Restate the listing below word for word, omitting any images.

* _Data segment_
___

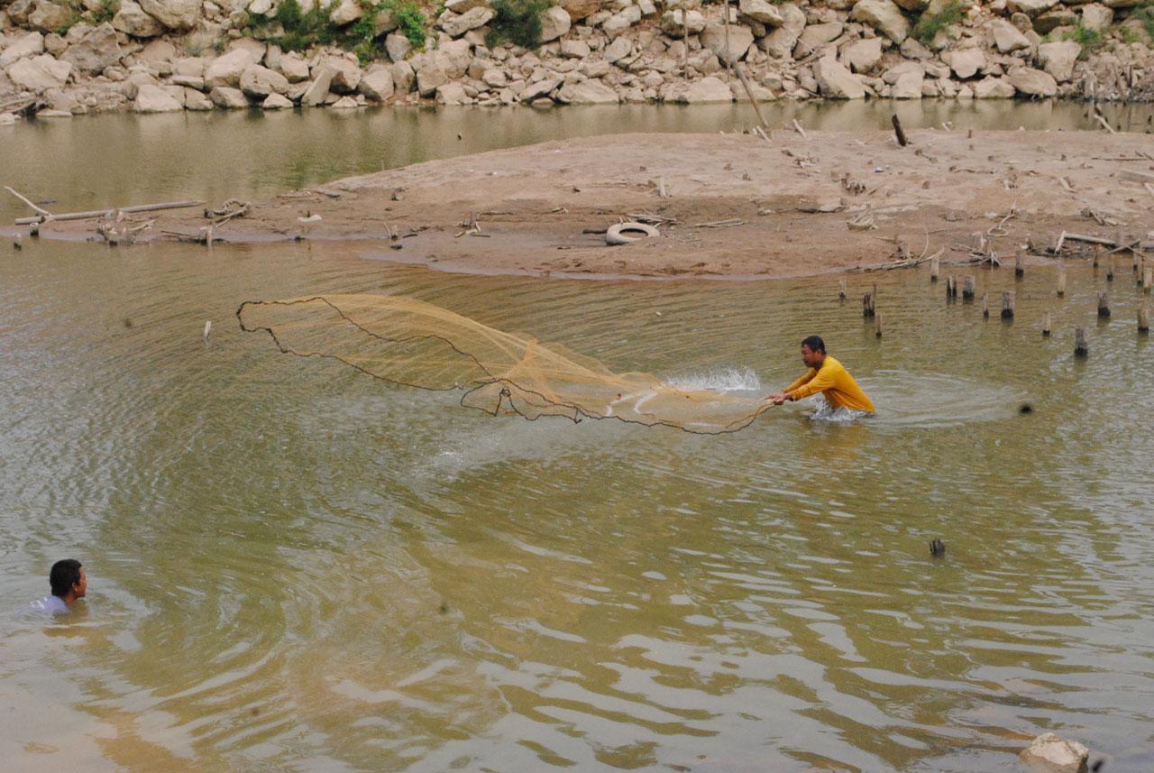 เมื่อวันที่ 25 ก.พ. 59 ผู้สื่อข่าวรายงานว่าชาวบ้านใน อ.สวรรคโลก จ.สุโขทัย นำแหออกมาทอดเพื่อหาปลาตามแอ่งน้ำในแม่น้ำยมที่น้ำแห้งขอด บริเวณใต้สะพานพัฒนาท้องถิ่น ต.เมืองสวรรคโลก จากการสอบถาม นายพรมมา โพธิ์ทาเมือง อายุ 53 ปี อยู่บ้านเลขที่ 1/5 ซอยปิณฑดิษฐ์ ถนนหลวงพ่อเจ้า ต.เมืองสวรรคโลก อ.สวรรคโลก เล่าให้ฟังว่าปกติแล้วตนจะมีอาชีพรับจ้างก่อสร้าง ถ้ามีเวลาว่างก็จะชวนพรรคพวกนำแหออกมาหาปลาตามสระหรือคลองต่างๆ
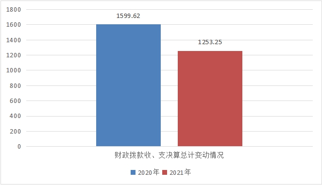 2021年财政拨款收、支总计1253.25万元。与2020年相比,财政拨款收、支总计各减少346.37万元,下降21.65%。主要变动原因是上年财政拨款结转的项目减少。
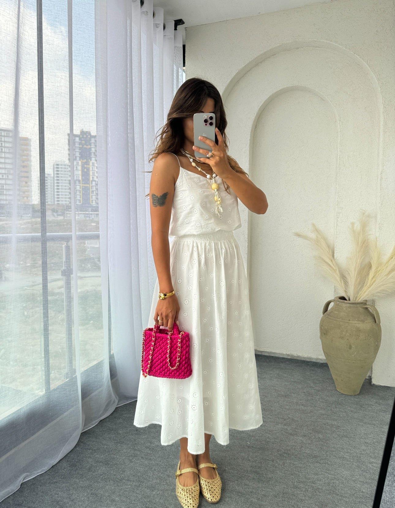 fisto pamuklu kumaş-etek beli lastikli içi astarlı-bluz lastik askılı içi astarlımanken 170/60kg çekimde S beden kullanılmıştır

___

* _Written solution_
 เมื่อวันที่ 25 ก.พ. 59 ผู้สื่อข่าวรายงานว่าชาวบ้านใน อ.สวรรคโลก จ.สุโขทัย นำแหออกมาทอดเพื่อหาปลาตามแอ่งน้ำในแม่น้ำยมที่น้ำแห้งขอด บริเวณใต้สะพานพัฒนาท้องถิ่น ต.เมืองสวรรคโลก จากการสอบถาม นายพรมมา โพธิ์ทาเมือง อายุ 53 ปี อยู่บ้านเลขที่ 1/5 ซอยปิณฑดิษฐ์ ถนนหลวงพ่อเจ้า ต.เมืองสวรรคโลก อ.สวรรคโลก เล่าให้ฟังว่าปกติแล้วตนจะมีอาชีพรับจ้างก่อสร้าง ถ้ามีเวลาว่างก็จะชวนพรรคพวกนำแหออกมาหาปลาตามสระหรือคลองต่างๆ
 2021年财政拨款收、支总计1253.25万元。与2020年相比,财政拨款收、支总计各减少346.37万元,下降21.65%。主要变动原因是上年财政拨款结转的项目减少。
 fisto pamuklu kumaş-etek beli lastikli içi astarlı-bluz lastik askılı içi astarlımanken 170/60kg çekimde S beden kullanılmıştır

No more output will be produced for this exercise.